Anna Karenina by Leo Tolstoy

Finally after three months, I finished this novel. The experience of reading this novel was like watching a television soap, full drama. Awesome. In fact its been a week since I have finished it and I'm getting a strong craving to read something so absorbing.

Leo Tolstoy's Anna Karenina written in 1870's, is a masterpiece, which is sometimes colorful and at other times boring and depressing but something you can't get rid off. A magnificent drama of vengeance, infidelity, and retribution, Anna Karenina portrays the moving story of people whose emotions conflict with the dominant social mores of their time. Set against the tragic love of Anna and Vronsky, the plight of the melancholy nobleman Constantine Levin unfolds.
Anna, a very sensuous, beautiful, educated and intelligent married woman falls deeply in love with the handsome Vronsky. Her husband is twenty years older to her. She's trapped in a loveless marriage. Anna is an honest and a passionate woman, unlike other women of her high society, who indulge in casual affairs without breaking their marital ties. Anna refuses to live a double and deceitful life and takes the bold step of following her heart's desire and leaves her husband to be with her love Vronsky. She refuses to take a divorce so as to punish herself for being parted with her son. But even after following her heart, she does not feel happy, instead she goes through a vortex of emotions and is in an turmoil where she feels trapped and isolated with guilt, insecurity, frustration, anger and desperation. The character of Anna is such that you can neither love her nor hate her but feel sorry for her.

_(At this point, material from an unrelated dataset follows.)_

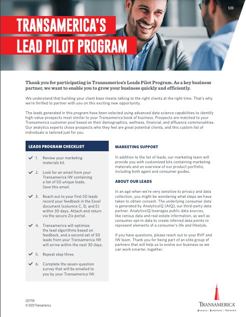 This is a sales-enablement resource for TransAmerica was created to help agents understand and opt into a newly established process for lead generation. I worked alongside the sales team to help articulate and streamline their messaging into a sharable document to help increase participation in the Leads Pilot Program.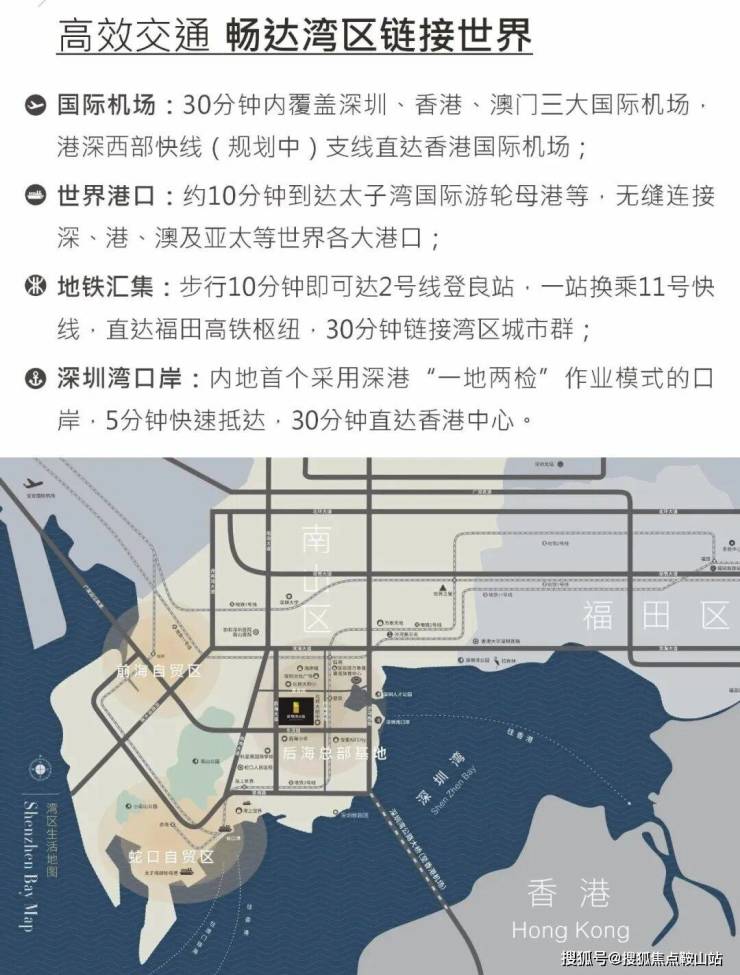 地理位置优越:紧邻深圳湾超级总部基地和深港跨境通道深圳湾口岸,周边商业氛围浓厚,世界500强企业总部聚集。

The co-protagonist, Levin's track is very boring initially but as the novel progresses it becomes interesting, especially after his marriage. The character of Constantine Levin is like a child, who has so many doubts and questions regarding life and its meaning. He is going through a spiritual crisis where he has problems with his faith and his belief in God. He gets suicidal thoughts even after getting all that he wanted. But in the end he finds peace through self realization and not through those books on philosophy in which he tried to find answers to his questions. The novel ends on a happy note with Levin living happily married with his wife Kitty.